The arrows A4, A5, A8, and A9 are used to represent secondary causes that under certain circumstances can be used to add even greater detail to the cause-and-effect estimation. Secondary causes can be for example “other operations consuming A”, “other operations running in the same work cell”, “inventory level of A is under safety stock”, or “a planned receipt of A is delayed”. The illustrated fishbone diagram is useful to clearly represent in the end box (here box 24) the ultimate effect and in the category boxes the general causes. Secondary, tertiary causes (arrows) are the facts observed in the reality and arrows are useful to represent their mutual relation to the general causes and ultimate effects. In the current example, the mutual relation between A8 and A9 is different from what relates to A4 and A5. The replacement failure (expressed by box 21 and arrow A3) occurs if A4 and/or A5 occurs. The extra demand for material A (box 20) occurs if both A8 and A9 occurs.

The fault tree analysis diagram can be used to illustrate events that might lead to a failure. By this knowledge a failure can be prevented. The fault tree analysis diagram can be used in a Six Sigma process, particularly in the analyze phase of the Six Sigma business improvements process. Failures that are analyzed in Six Sigma activities can be related with the production disturbance to be detected.

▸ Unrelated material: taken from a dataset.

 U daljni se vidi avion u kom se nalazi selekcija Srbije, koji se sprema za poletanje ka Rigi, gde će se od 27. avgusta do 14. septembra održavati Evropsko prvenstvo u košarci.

An example of a fault tree analysis diagram is depicted in FIG. 3. If a planned receipt of material A is delayed (event block 34) and the inventory of raw material A is under safety stock (event block 33) the quantity of raw material A is no longer sufficient (block 30). The conjunction of the two events 33 and 34 is effected by AND-conjunction 32. An extra demand for material A (event block 35) also (OR-conjunction 31) leads to an insufficient quantity of raw material A. Other operations consuming material A (event block 36) and other operations running in the same work cell (event block 37) may lead to an extra demand for material A (event block 35). An “inhibit” symbol 38 represents the logical implications of the event blocks 36 and 37. The output condition of the inhibit symbol 38 is TRUE if all input conditions (37) are TRUE and the additional condition 36 is TRUE. It behaves here in the same way as an AND gate, thus not providing additional modeling capabilities. It is here useful to illustrate and to emphasize the fact that there is an additional condition (36) or pre-condition that must be verified.

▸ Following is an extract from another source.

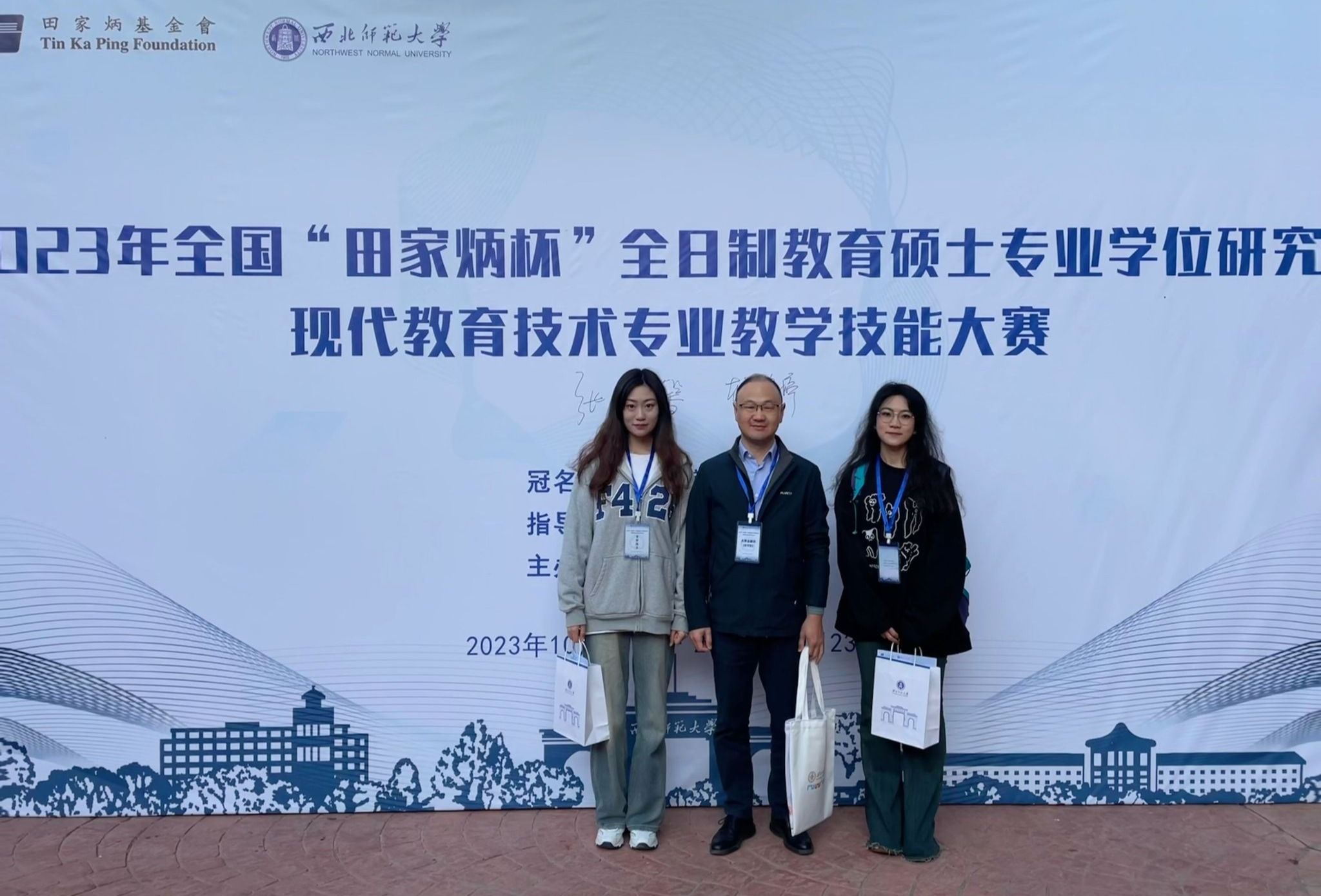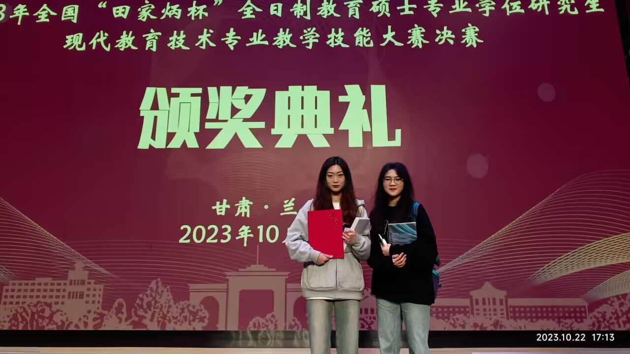 10月20日-22日,2023年全国“田家炳”现代教育技术专业教育硕士教学技能大赛决赛在甘肃兰州西北师范大学举行。教育技术系前期推选现代教育技术专业5名研究生参加初赛,经大赛初赛评审专家评审,由刘萌萌、韦伟指导的张盈馨(2021级)、郝静婷(2022级)入围决赛并赴西北师范大学进行现场评比。指导教师韦伟陪同前往。

For drawing up the fault tree analysis diagram one begins by defining the top event or failure 30. Then one can use event shapes 33, 34, 35, 36 and 37 and gate shapes 31, 32 and 38 to illustrate, top-down, the process that might lead to the failure 30. Once the fault tree analysis diagram is completed, one can use it to identify ways to eliminate causes for failure 30 and to devise corrective measures for preventing failure 30. Such a measure can be the opportunity to “perform an operation requiring different material” which is mentioned in box 40. The corresponding disturbance “operation requiring material A stops” is mentioned in box 39.

A similar approach can be adopted to capture and represent expert's knowledge about process dynamics and map cause-effect relationships between events, that can be collected at MES level, and disturbances and opportunities, that can drive the agent-oriented control logic 1.

In principle, with an agent-oriented software a distributed software system with a complex and difficult to see through total behavior can be developed. The distributed software system is regarded as a quantity of autonomous agents, who act independently within their decision framework and pursue thereby given goals. Agents can interact flexibly with one another and cooperate by negotiations, in order to achieve their individual goals. In the agent-oriented way of thinking a problem definition is abstracted into individual agents under the criteria autonomy, interaction, reactivity, goal orientation, pro activity and persistence in order to be able to describe, e.g., distributed information, functionality and decision-making processes. Therefore, it can be helpful to implement the scheduler 1 as agent based scheduler.